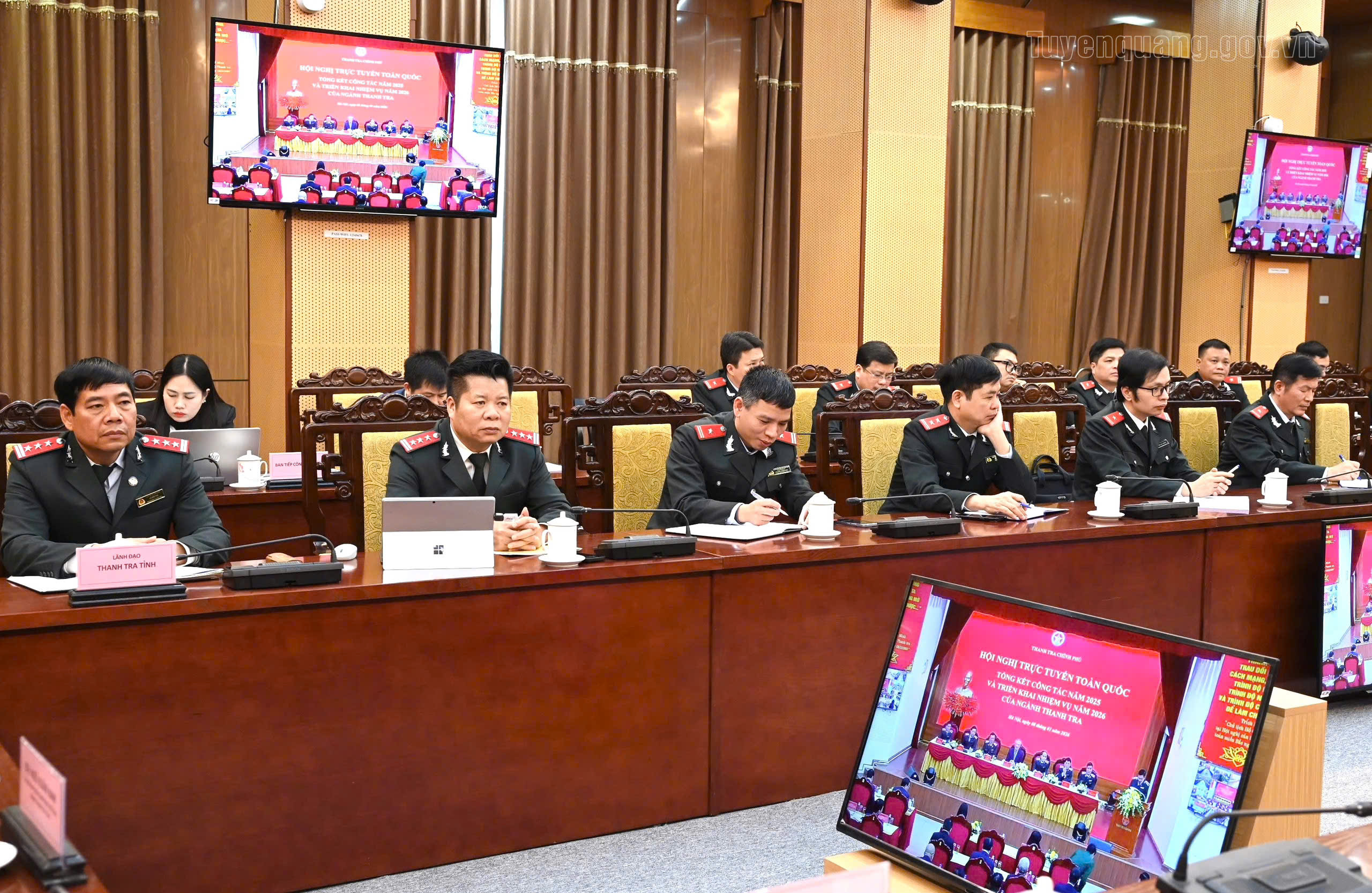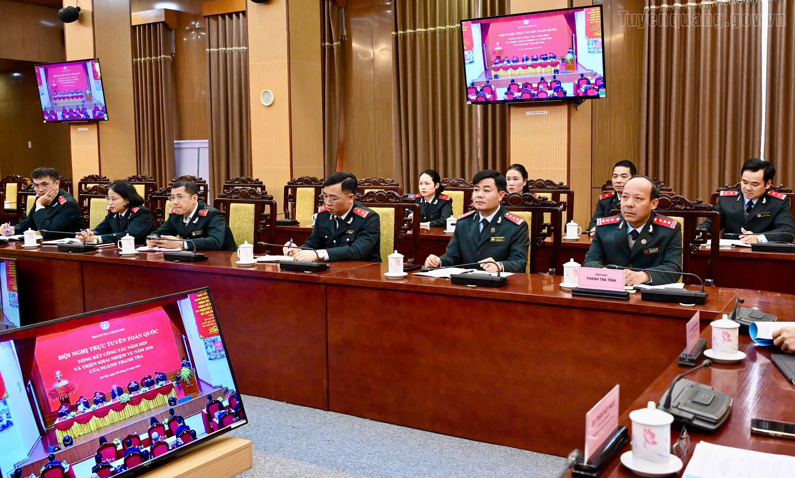 Chủ tịch UBND tỉnh Phan Huy Ngọc và lãnh đạo Thanh tra tỉnh dự, chủ trì tại điểm cầu Tuyên Quang.
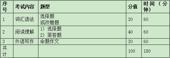 本考試包括以下部分:詞匯語法、閱讀理解、外語寫作等??偡譃?00分。
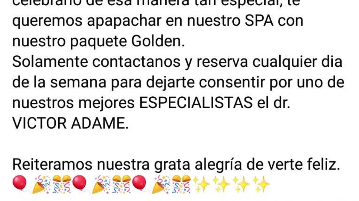 Mientras que otro de los comentarios ofreció a la quinceañera que para festejar, le regalarían una sesión en un spa para consentirla. “Samantha sabemos lo importante que es para ti tu festejo de XV años, y el poder celebrarlo de manera tan especial, te queremos apapachar en nuestro SPA con nuestro paquete Golden”, señala otro de los comentarios.

## TASK TO COMPLETE
The pictures should be dropped, and every line above should be set down again exactly.

## EXERCISE OUTPUT
 Chủ tịch UBND tỉnh Phan Huy Ngọc và lãnh đạo Thanh tra tỉnh dự, chủ trì tại điểm cầu Tuyên Quang.
 本考試包括以下部分:詞匯語法、閱讀理解、外語寫作等??偡譃?00分。
 Mientras que otro de los comentarios ofreció a la quinceañera que para festejar, le regalarían una sesión en un spa para consentirla. “Samantha sabemos lo importante que es para ti tu festejo de XV años, y el poder celebrarlo de manera tan especial, te queremos apapachar en nuestro SPA con nuestro paquete Golden”, señala otro de los comentarios.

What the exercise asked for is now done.